Iceberg Table Compaction
Compaction is the most critical ongoing maintenance operation for Apache Iceberg tables. Over time, high-frequency streaming writes and micro-batch jobs create many small data files, while UPDATE and DELETE operations accumulate delete files. Without compaction, query performance degrades and storage costs increase.
Compaction is the process of:
- Rewriting small data files into optimally sized files (typically 128MB–512MB).
- Applying accumulated delete files into the rewritten data files, producing clean files with no pending deletes.

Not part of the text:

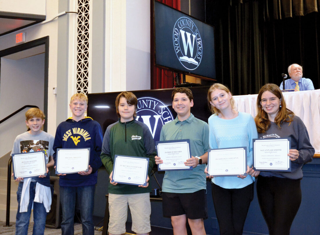 - Students from Jackson Middle School were recognized Tuesday night by the Wood County Board of Education for their completion of i-Ready lessons. Pictured from left are Judah Moore, Brady Miller, Luke McCullough, James D’Eramo, Isabelle Collins and Savannah Smith. (Photo by Douglass Huxley)

- Rewriting manifests to reduce manifest file count and metadata overhead.
After compaction, the same data exists in fewer, larger, cleaner files — dramatically improving both query performance and metadata efficiency.
Why Compaction is Necessary
The Small File Problem
Every Iceberg write transaction produces at least one new data file. Streaming pipelines writing micro-batches every 30 seconds produce 2,880 files per day per partition. Even a moderately partitioned table accumulates tens of thousands of small files quickly.
Small files harm performance because:
- Each file requires an open/read-footer/close cycle
- Column statistics in small files are less selective for data skipping
- More manifest entries must be evaluated during query planning
- Object storage costs increase (per-request fees, per-object storage minimums)
Delete File Accumulation
UPDATE and DELETE operations (in Merge-on-Read mode) write small delete files that are applied at read time. As delete files accumulate, every read must apply more and more deletes — a join-like operation on top of every scan. Without compaction, reads degrade proportionally with delete file count.
Compaction Operations
Data File Rewriting
The core compaction operation combines multiple small files into larger ones:
-- Spark: rewrite small data files
CALL system.rewrite_data_files(
table => 'db.orders',
strategy => 'sort',
sort_order => 'zorder(customer_id, order_date)',
options => map(
'min-file-size-bytes', '67108864', -- 64MB
'max-file-size-bytes', '536870912', -- 512MB
'target-file-size-bytes', '268435456' -- 256MB target
)
);
Options include:
binpackstrategy: Pack small files into target-sized files without sorting.sortstrategy: Sort data during compaction (linear sort or Z-order) to improve column statistics selectivity.- Partial rewrites: Only rewrite files below a minimum size threshold, leaving already-optimal files untouched.
Manifest Rewriting
Compaction also includes rewriting manifests to reduce manifest count and update partition statistics:
-- Spark: rewrite manifests for reduced metadata overhead
CALL system.rewrite_manifests(
table => 'db.orders',
use_caching => true
);
Delete File Application (Positional Delete Removal)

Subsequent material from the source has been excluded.